[[ EXERCISE DATA, beginning ]]

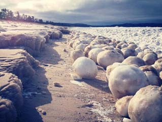 美海滩现海量巨型神秘冰球 每个或重68斤
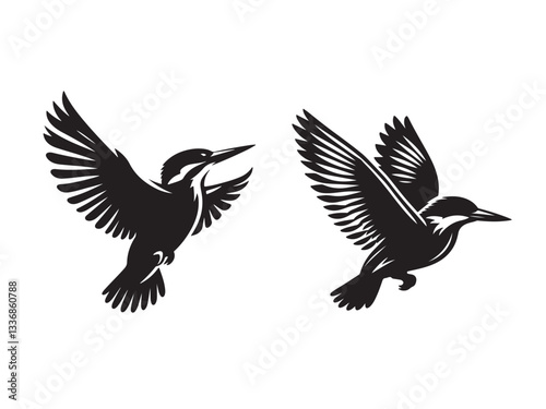 © Robiul, Fototapeta premium kingfisher bird silhouette vector illustration on white background
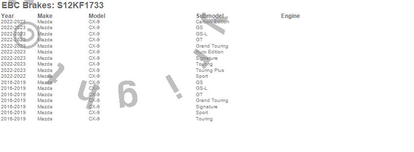 Below is an abbreviated list of applications for the S12 Kits Redstuff and RK Rotors.
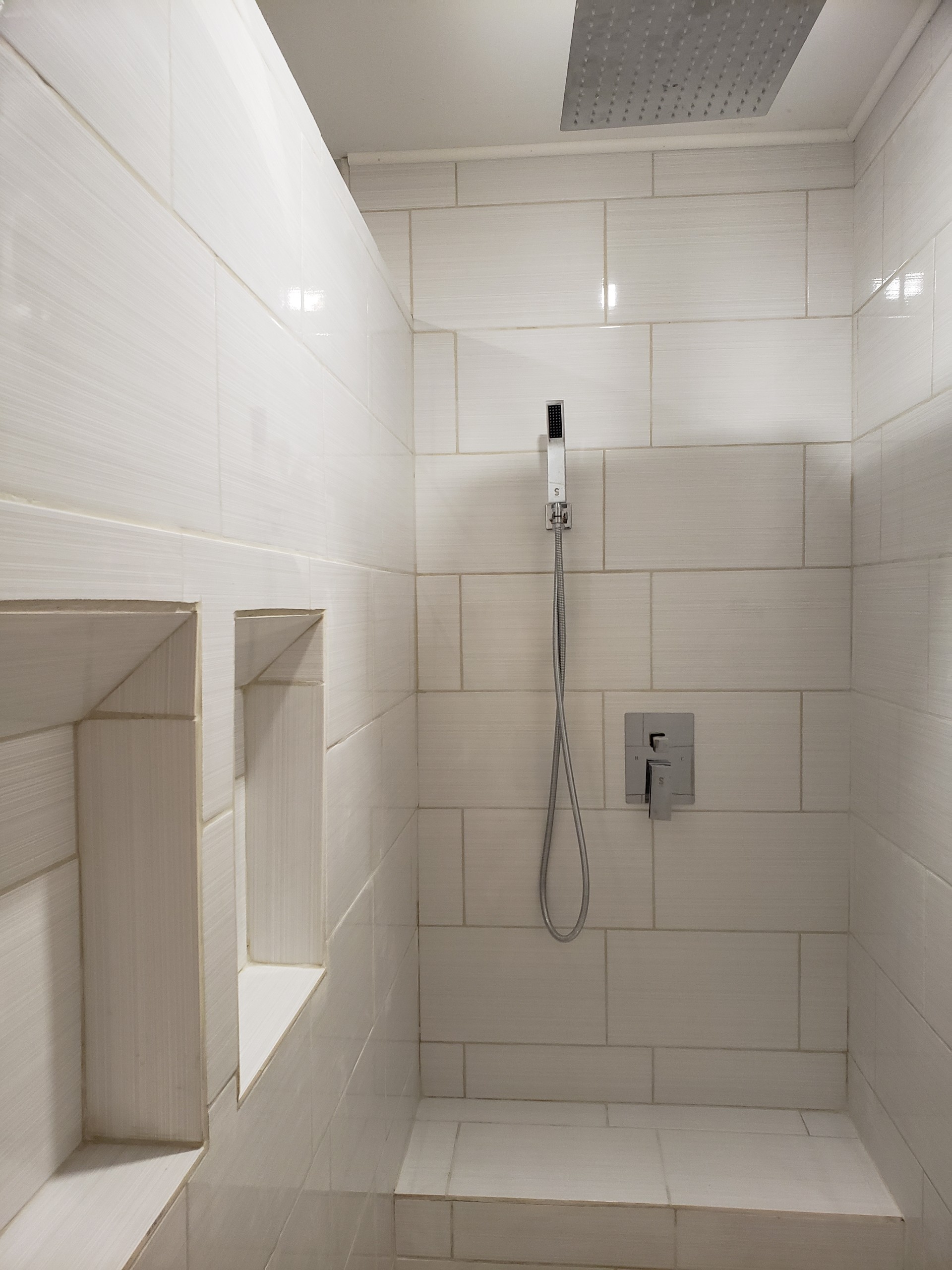 - Primary bath with his/hers sink & overhead fully-tiled rain shower

[[ EXERCISE DATA, end ]]

• PROBLEM TO SOLVE: Set the preceding data down again word for word, omitting images.

• OUTPUT FOR THIS TASK:
 美海滩现海量巨型神秘冰球 每个或重68斤
 © Robiul, Fototapeta premium kingfisher bird silhouette vector illustration on white background
 Below is an abbreviated list of applications for the S12 Kits Redstuff and RK Rotors.
 - Primary bath with his/hers sink & overhead fully-tiled rain shower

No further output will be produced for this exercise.